Using the immunogold technique combined with cryoultramicrotomy and London Resin white (LR white) embedding, we studied the fine structural distribution of types I-IV collagen and laminin in corneal tissue from seven enucleated human eyes (age range, 63-78 years). Type II collagen was not identified in any corneal layer. Type I and type III collagen were distributed in a similar fashion in striated collagen fibrils in Bowman's layer and in the stroma. Type IV collagen was located only in the posterior non-banded region of Descemet's membrane. Laminin was identified in subepithelial anchoring plaques and the sub-endothelial region of Descemet's membrane in accordance with its recognized adhesive function.

Immunogold fine structural localization of extracellular matrix components in aged human cornea. II. Collagen types V and VI.

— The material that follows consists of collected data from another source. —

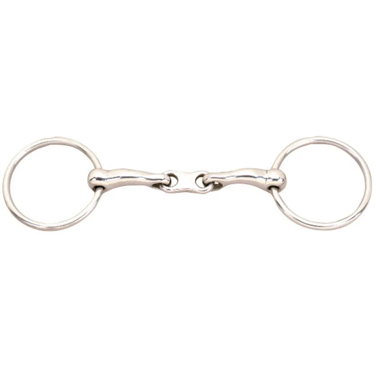 The JP Korsteel Stainless Steel French Link Loose Ring Snaffle Bit features a french link joint and a unique curved shape to the mouthpiece which has a multitude of benefits.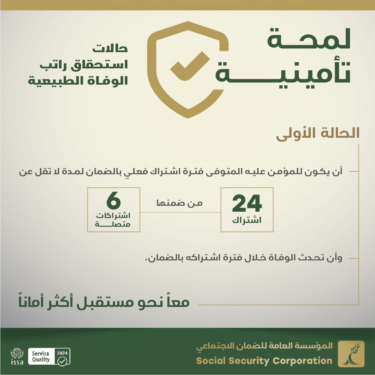 أوضحت المؤسسة العامة للضمان الاجتماعي أنه يُشترط لاستحقاق راتب تقاعد الوفاة الطبيعية أن يكون للمؤمن عليه المتوفى فترة اشتراك فعلي بالضمان لمدة لا تقل عن (24) اشتراكاً من ضمنها (6) اشتراكات متصلة، وأن تحدث الوفاة خلال فترة اشتراكه بالضمان.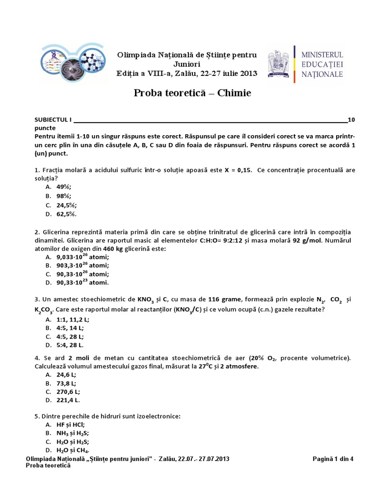 Osj Nationala 2013 Teorie Chimie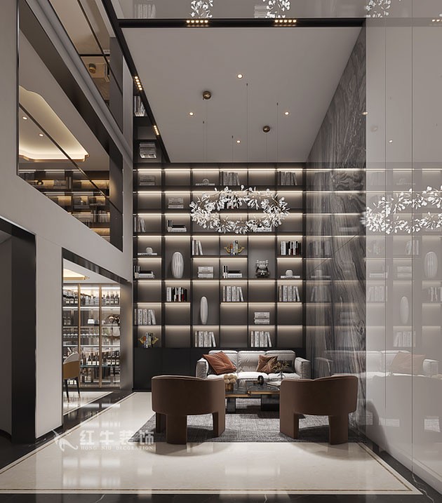在會客廳設計上,挑高設計,采用深色柜體、大理石墻面,豪華吊燈配上局部玻璃頂,整個空間高大氣派極具現(xiàn)代感。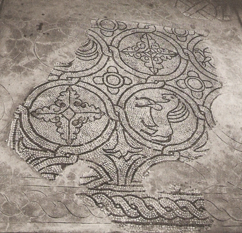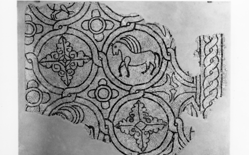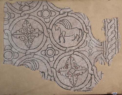 mosaico con tessere di marmo/ calcare bianco/ calcare bituinoso scuro/ terracotta rossa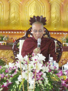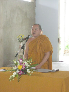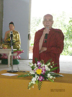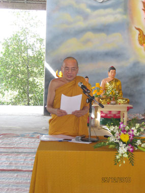 Hình 5: TT Bửu Chánh đọc nội dung giấy phép, nội quy khóa thiền và thời khóa biểu tu tập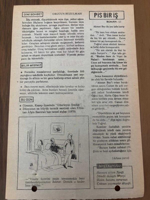 28 TEMMUZ 1979 - TAKVİM YAPRAĞI - DOĞUM GÜNÜ HEDİYESİ - HÜRRİYET TAKVİMİ - PİS BİR İŞ ROMANI - Giresun, Keşap ilçesinde "Güarleyen Şenliği" - Dünyanın en büyük termik santralı olan Elbistan Afşin Santralı'nın temel atılışı (1975) başlıklı ürün, Efemera, Müzik, Sinema > Belge ve Evraklar > Takvimler kategorisi altında İkinci El olarak satılmaktadır.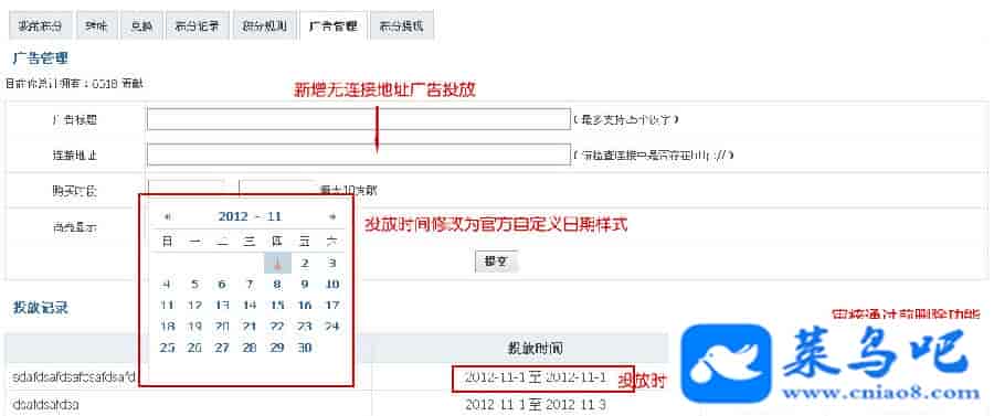 3.新增广告投放后,未通过审核前会员可以自行删除并返还积分的功能。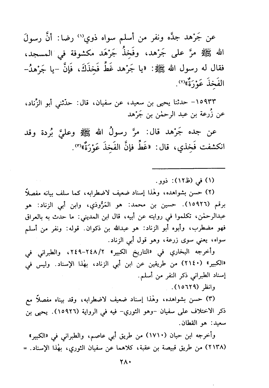 ١٥٩٣٣ - حَدَّثَنَا يَحْيَى بْنُ سَعِيدٍ، عَنْ سُفْيَانَ، قَالَ: حَدَّثَنِي أَبُو الزِّنَادِ، عَنْ زُرْعَةَ بْنِ عَبْدِ الرَّحْمَنِ بْنِ جَرْهَدٍ، عَنْ جَدِّهِ جَرْهَدٍ، قَالَ: مَرَّ رَسُولُ اللهِ صَلَّى اللهُ عَلَيْهِ وَسَلَّمَ وَعَلَيَّ بُرْدَةٌ، وَقَدِ انْكَشَفَتْ فَخِذِي قَالَ: " غَطِّ فَإِنَّ الْفَخْذَ عَوْرَةٌ " (٣)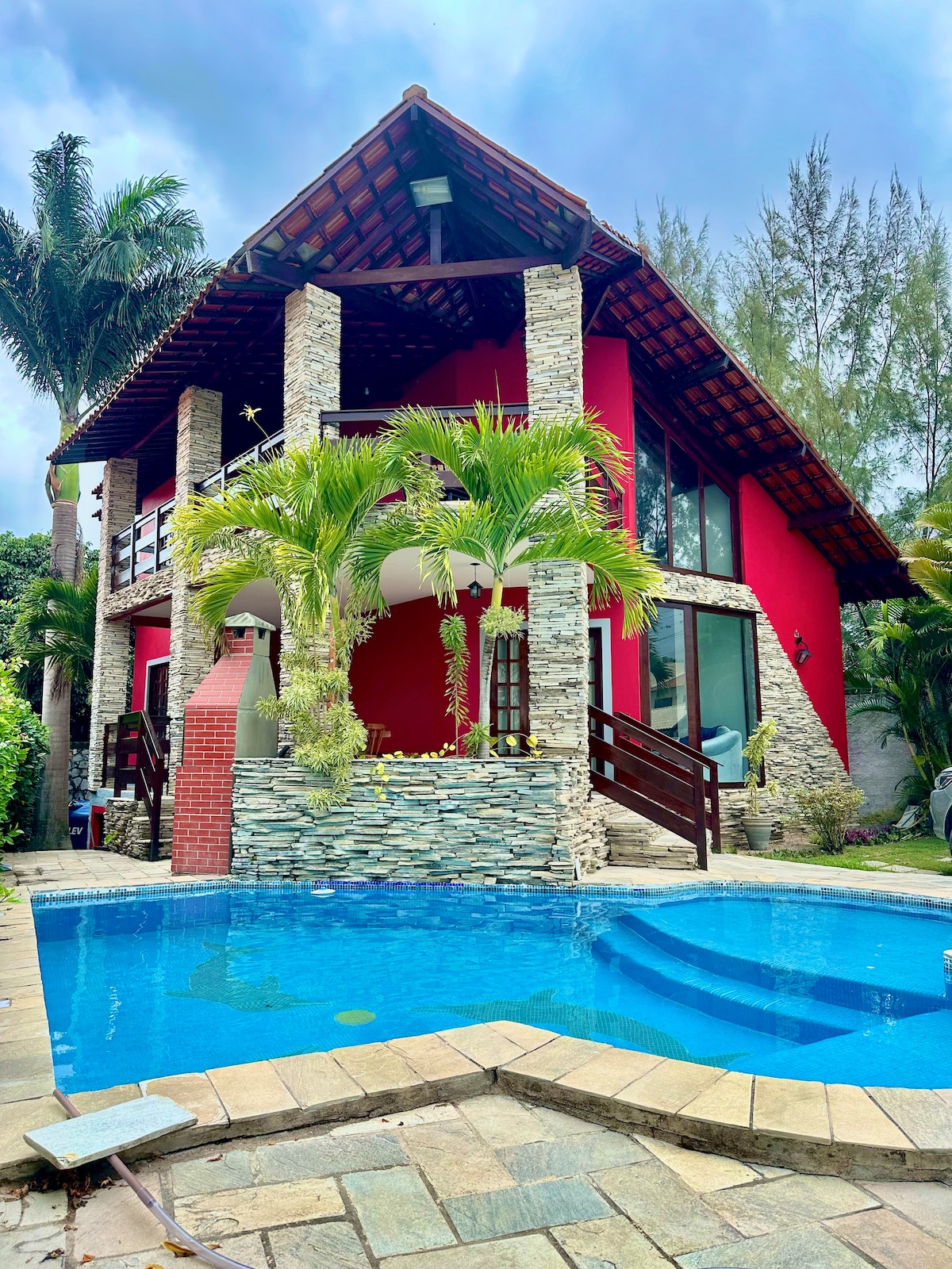 Mezanino com Salão de jogos privativo (sinuca e totó); WiFi; 05 quartos (2 suítes + 2 banheiros sociais); Chuveiro elétrico; Cozinha completa; Terraço Gourmet com churrasqueira; Piscina Aquecida (privativa) com hidro, cascata e iluminação; Split em todos qts; Cervejeira, Airfryer, cafeteira expresso, Utensílios completos A TAXA DE ENERGIA SERÁ COBRADA POR FORA, corresponde a R$ 1,00 o Khw. É necessário retirar uma foto do contador de energia no check-in e no checkout para fins de cálculo.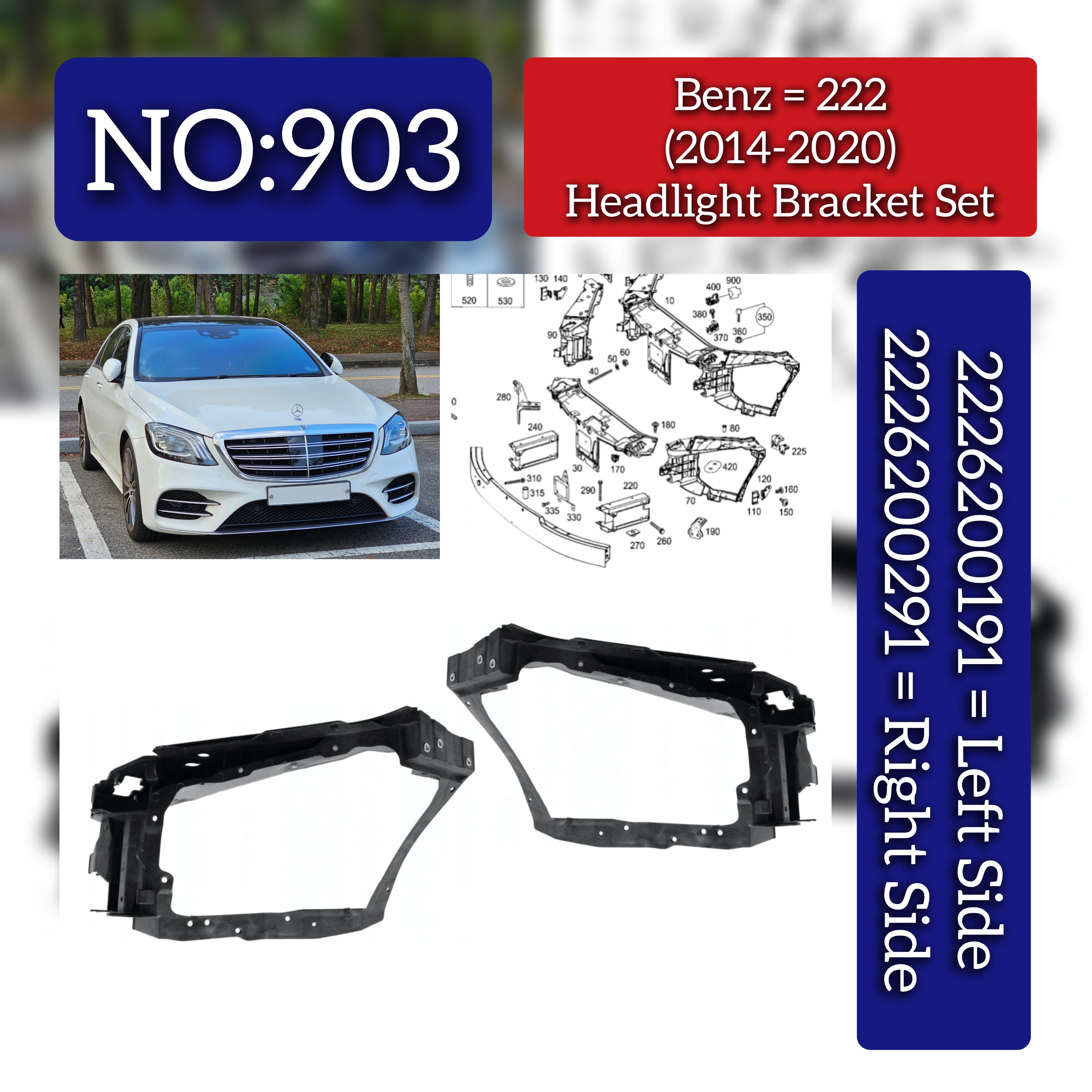 This Headlight Bracket Set, comprising left (2226200191) and right (2226200291) brackets, is engineered to fit the Mercedes Benz S-Class (W222) models from 2014 to 2020. Designed for precise compatibility, these brackets ensure secure mounting of the headlights, maintaining proper alignment and stability. Manufactured to OEM standards, they help preserve vehicle safety and lighting performance, making them a reliable choice for professional repairs or replacements.
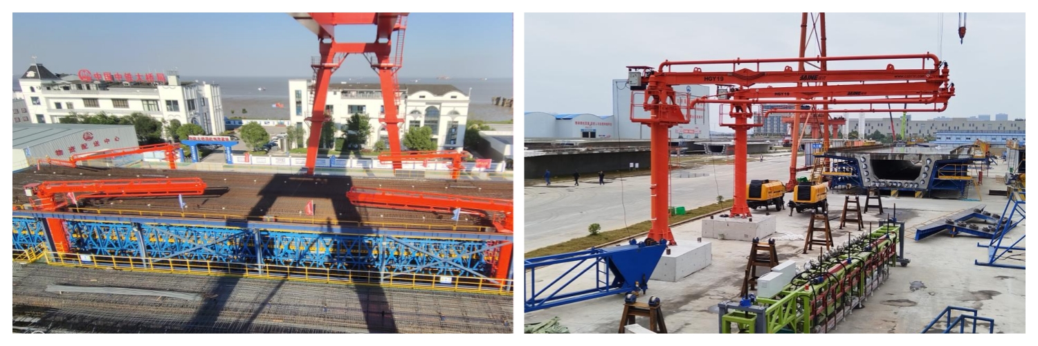 “建研”智能布料機(jī)已廣泛應(yīng)用于橋梁建設(shè)的多個關(guān)鍵環(huán)節(jié),包括錨碇、承臺、預(yù)制箱梁、橋面及橋塔等部位的混凝土澆筑。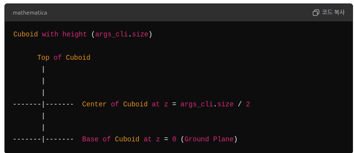 # translation=(0.0, 0.0, args_cli.size / 2) 위치에 직육면체를 생성. 직육면체의 중앙 크기(높이)의 절반으로 설정하면 직육면체의 바닥면이 지면과 완벽히 정렬됨. 중심점을 기준으로 높이가 설정되기 때문임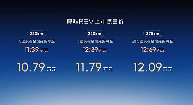 车家号·0浏览·2026-03-31 23:26 · 江西家庭用户选增程SUV,空间、舒适、智能、安全一个都不能少!吉利博越REV正式上市,10.79万元起的亲民定价,搭配越级尺寸、奢享座舱、智能交互与全域安全,把家用出行的幸福感拉满,重新定义12万级增程SUV的价值上限。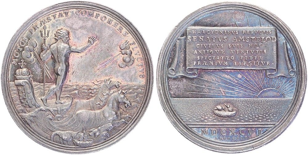 1696 Aansprekersoproer te Amsterdam. Neptunus met drietand op zeewagen bestrijdt de wind. / Nest met ijsvogels op kalme zee met ondergaande zon. De kleine penning voor de schutters. AR 39,2 [25,13 gr.]. Vgl. vL IV-161.3. R. Arondeaux. Prachtig.

Using immunogold immunocytochemical techniques we studied the distribution of collagen types V and VI in corneal tissue from seven enucleated human eyes (age range, 63-78 years). Results obtained by cryoultramicrotomy were marginally more intense than those obtained using London Resin white (LR white) embedding. Type V collagen was present in the striated collagen fibrils in Bowman's layer, in the stroma and in a thin, non-banded anterior zone of Descemet's membrane. Our results suggest that types I, III and V collagen co-distribute in striated collagen fibrils. By contrast, type VI collagen was located in fine filaments in the interfibrillar matrix of the stroma, in Bowman's layer and in the anchoring plaques of the sub-epithelial basement-membrane complex. This implies an importance in epithelial adhesion which was previously unsuspected. Keratocyte bodies were electron-dense, amorphous extracellular deposits of matrix-like material, and these were labelled with types III, V and VI collagen antibodies. Long-spacing collagen was observed in the corneal stroma, and this deposit did not contain any of the collagen types studied.